I told her that we were having a dinner party and she was cordially not invited. “Americans only,” I said.
She pointed to my scar and asked me what happened to my head, I guess because Hank hadn’t told her, and so I filled her in on what the US government had done to me. She got tired of that story quickly, because she doesn’t give two rat shits about the USA, let alone its combat veterans. I know because in the middle of my story, she interrupted, saying she was staying at the Four Seasons, and to please have Hank contact her as soon as possible. Her fickle ass suddenly wanted to be part of my family again.
I asked her if sex with a global warming theorist had cooled down, which I thought was a pretty good joke, but she didn’t acknowledge it. She just got in the cab, and it drove away.

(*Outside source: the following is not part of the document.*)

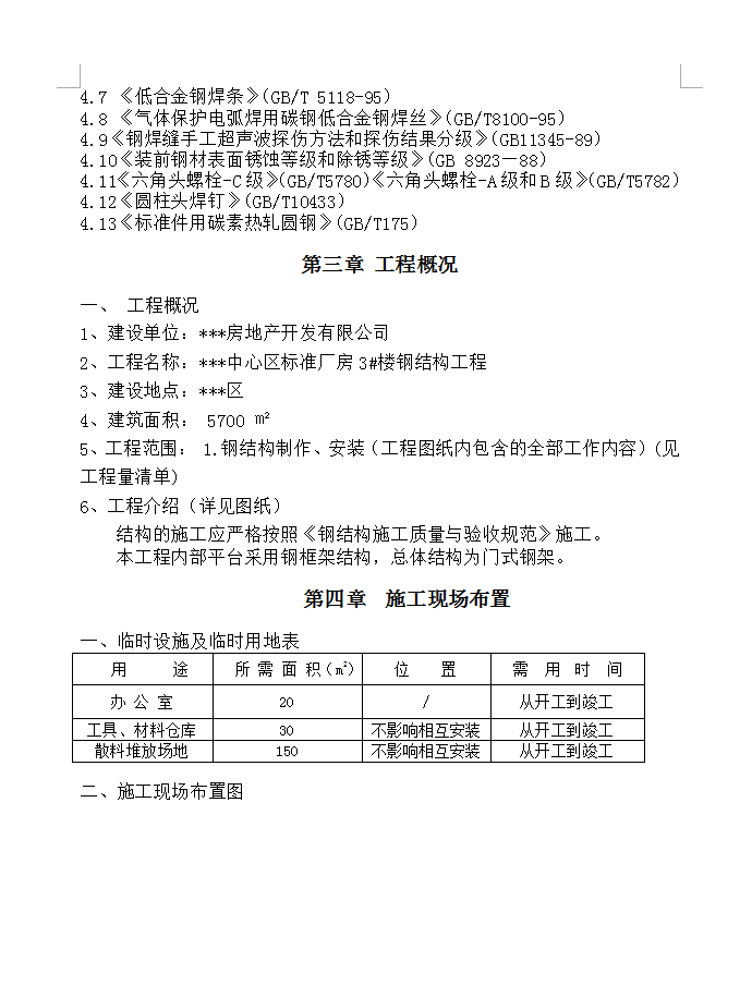 建筑面积: 5700 ㎡,工程范围: 1.钢结构制作、安装(工程图纸内包含的全部工作内容)(见工程量清单)

I went back inside and tried to enjoy the dinner party, but I kept feeling as though I had done something wrong, even though I knew letting Femke into Hank’s home would have absolutely destroyed our melting-pot dinner. My mind was certain that Hank would be better off with Sue, but my heart kept asking questions, especially since I knew Ella had been doing a lot of crying about missing her mother. Her sobbing had woken me up in the middle of the night a few times, and that was awful. It sounded like someone was trying to kill her in her bed, and it reminded me of the many times Jessica’s crying woke me up.
Hank always beat me to Ella’s room, and he was pretty good at calming her and getting her back to sleep, but I knew it was wearing my son down, being both father and mother, especially since he had to take care of his mentally fucked-up father too, who was always having seizures and ending up in the hospital talking to crooks and skiers.